# Campsite close to Manchester



## Nickmimi (Jun 6, 2005)

Can any one recommend a camp-site close to Manchester please, i have go to Manchester on business.


----------



## jetski (Feb 18, 2007)

try burrs country park a cc site in bury


----------



## H1-GBV (Feb 28, 2006)

I was looking to work in Manchester one day in Jan - Delamere Forest (CCC) is right next door to the railway station.

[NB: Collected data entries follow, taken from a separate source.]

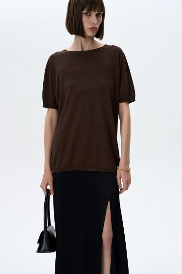 100% viscose satin skirt with a slit and zip fastening.
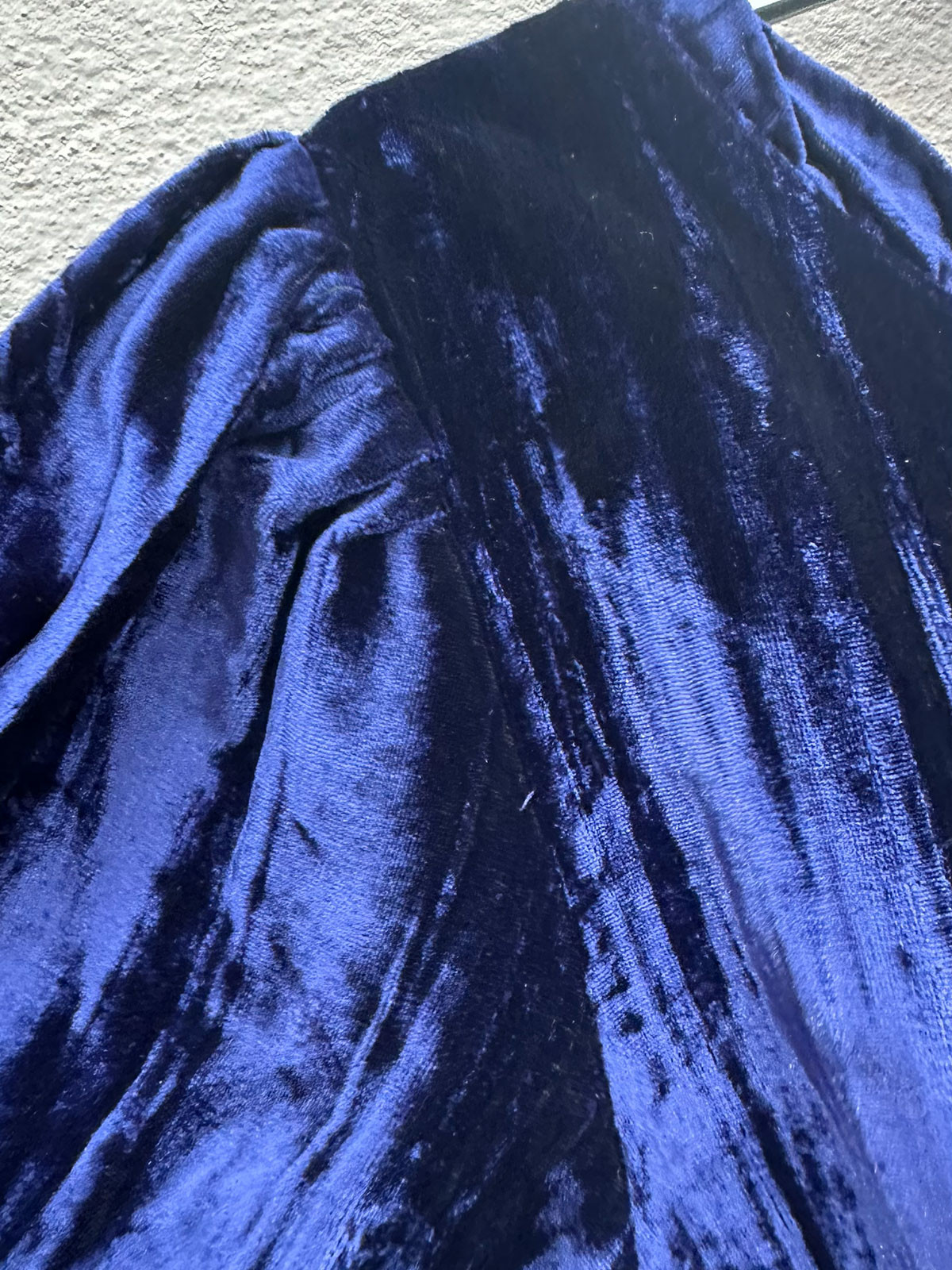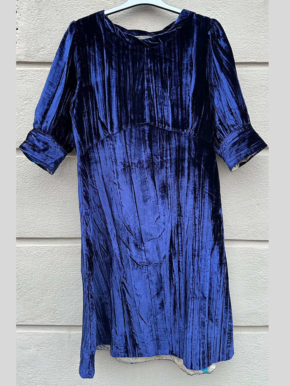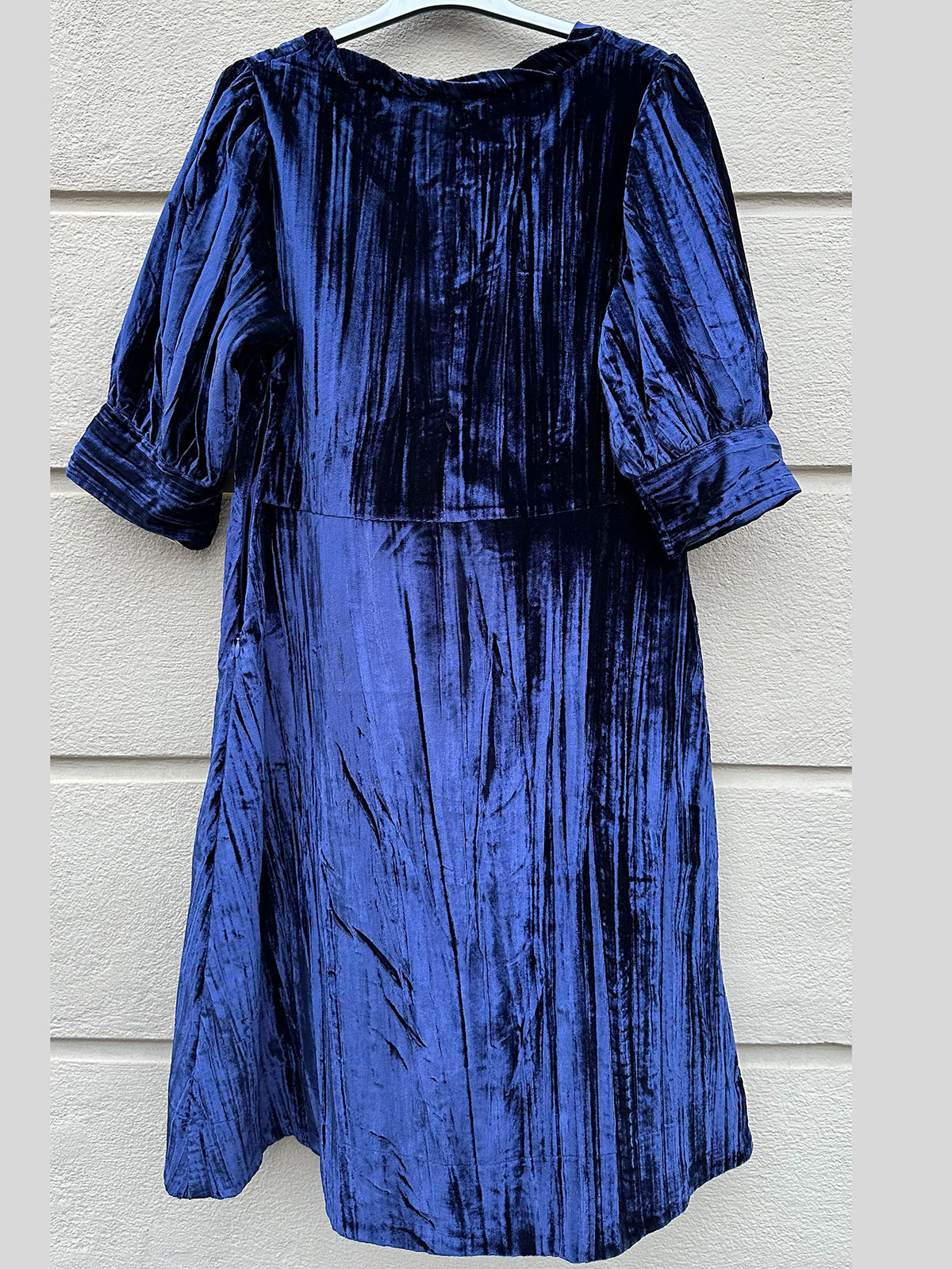 En ljuvligt härlig sammetsklänning från Gossip. Modellen är lätt A-linjeformad med tredjedelslång puffärm aom avslutas med en bred avsmalnande kant. Halsen är rundringad. Inga slitsar eller fickor.Stängs med dragkedja i sidan. Kontrasterande foder vid ärm och i nederkant.
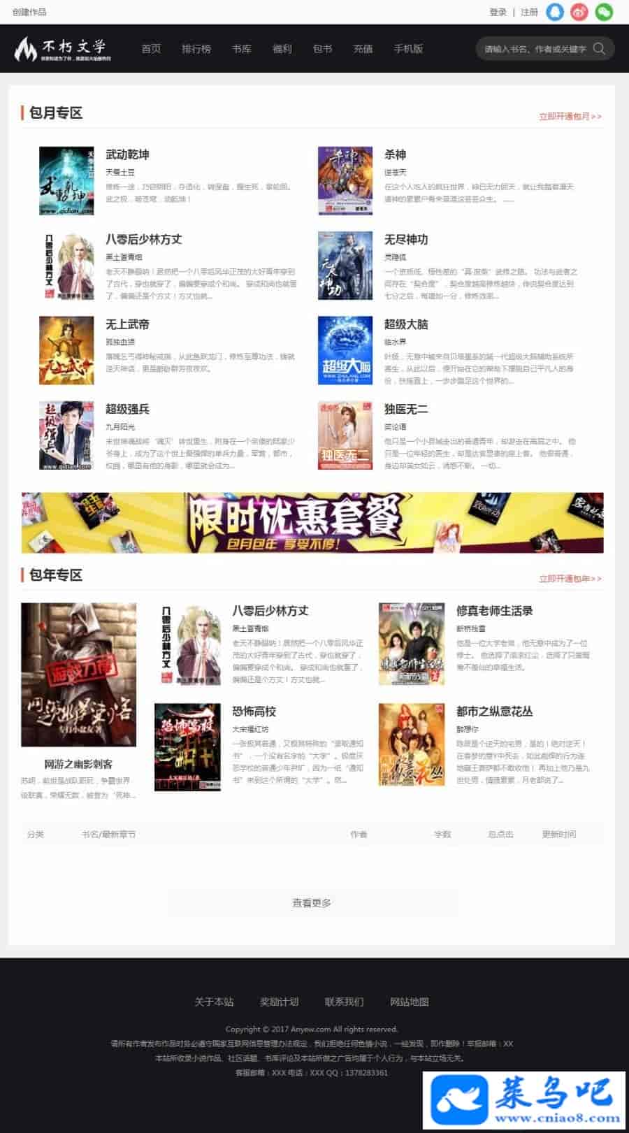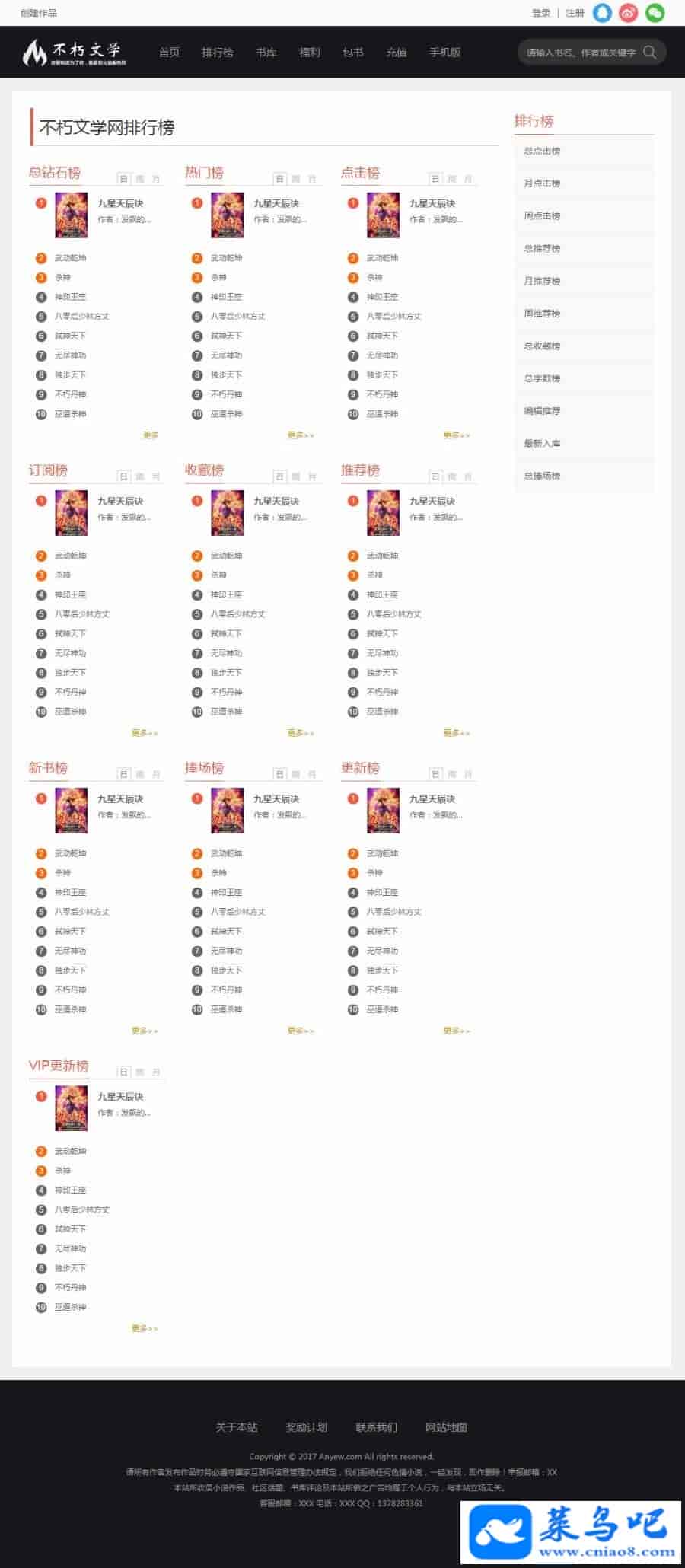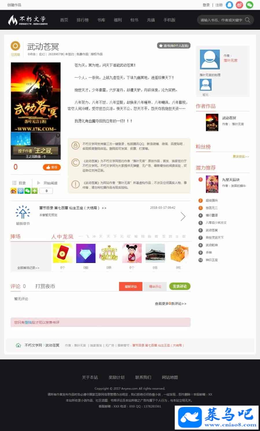 源码经过优化加快访问速度,优化作者中心完美支持原创小说站点也可采集
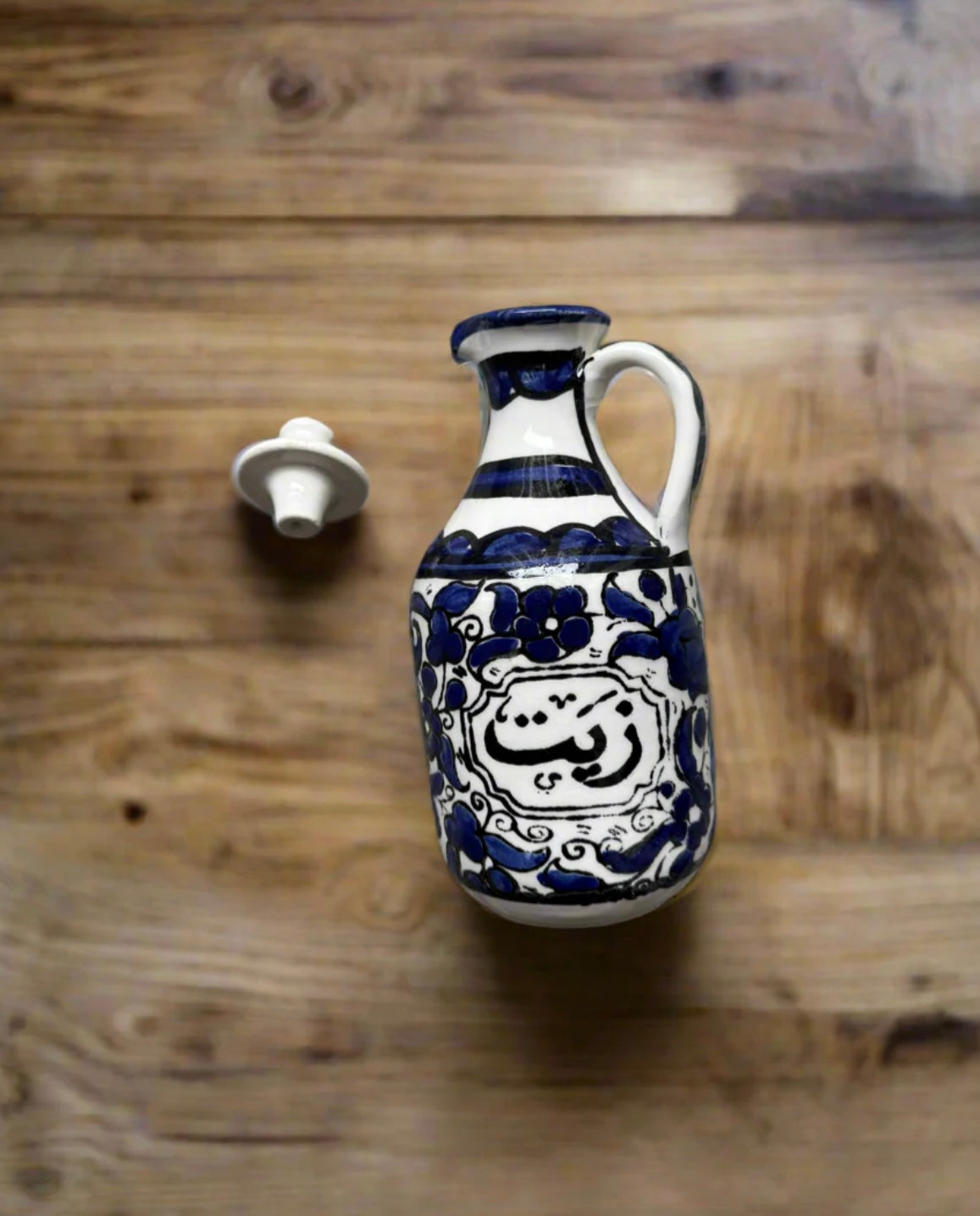 Realizzata interamente a mano da maestri ceramisti palestinesi, ogni oliera è un pezzo unico: forme morbide, colori caldi e decorazioni tradizionali che raccontano una storia di cultura, resilienza e bellezza.

However, too much worry with the weather, so I just took the train from King's Lynn and stayed in an hotel.

Gordon


----------



## jimmyd0g (Oct 22, 2009)

jetski said:


> try burrs country park a cc site in bury


Beat me to it . Although a bit too close to home for us to use as a site, we were walking in the adjacent country park a couple of weeks ago & had a nosy at the site. Large (but not over poweringly so); generally level; decent size facilities block; one pub immediately outside the site & another one about 300 yards walk away near the entrance to the country park.


----------



## dodger148 (May 9, 2005)

You could try Holly Bank CP, Warburton Bridge,nr Cadishead tel: 0161 775 2842 its a private site.
Its a straight run into Manchester (depends of course where you are going) and very easy to find if you are coming off the M6 (j21)
P135 in C&CC Big Sites Book also in other directories.
Drove past it last week and it looked reasonably busy but not full


----------



## 1302 (Apr 4, 2006)

There is a site near us in Poynton, you would have to drive to railway station (about 1 1/2 miles) and the train is direct 20 mins to man piccadilly, the car park Poynton is a decent size and free


----------



## Nickmimi (Jun 6, 2005)

many thanks for those that replied, we stayed at Holly Bank Campsite in the end. 

I would post a review of this site but dont want to upset anyone. If you want to know what its like at Holy Bank contact me directly please

Nick & Mimi


----------



## bognormike (May 10, 2005)

why not? was it that bad?

the campsite reviews are supposed to help others in their decisions when planning a trip - if it's rubbish, tell us!


----------



## dodger148 (May 9, 2005)

I too think you should report as found and may be add the date. 

Although I suggested the site it is many years ago we used it for a couple of nights, when moving back to the N.West. 
We didnt use any of the facilities on site.
It is in a handy spot and it was on that basis I suggested the site.


----------



## gaspode (May 9, 2005)

Nickmimi said:


> I would post a review of this site but dont want to upset anyone.


I quite agree with the previous two posters, I doubt anyone would be upset if your review isn't too favourable, in fact you could save other members a good deal of trouble in the future. I see that the site has several "mixed" reviews elsewhere on the internet so you wouldn't be the first visitor to be disappointed.

If you would prefer to submit a review anonymously, PM me with the details and I'll see what I can do. :wink:


----------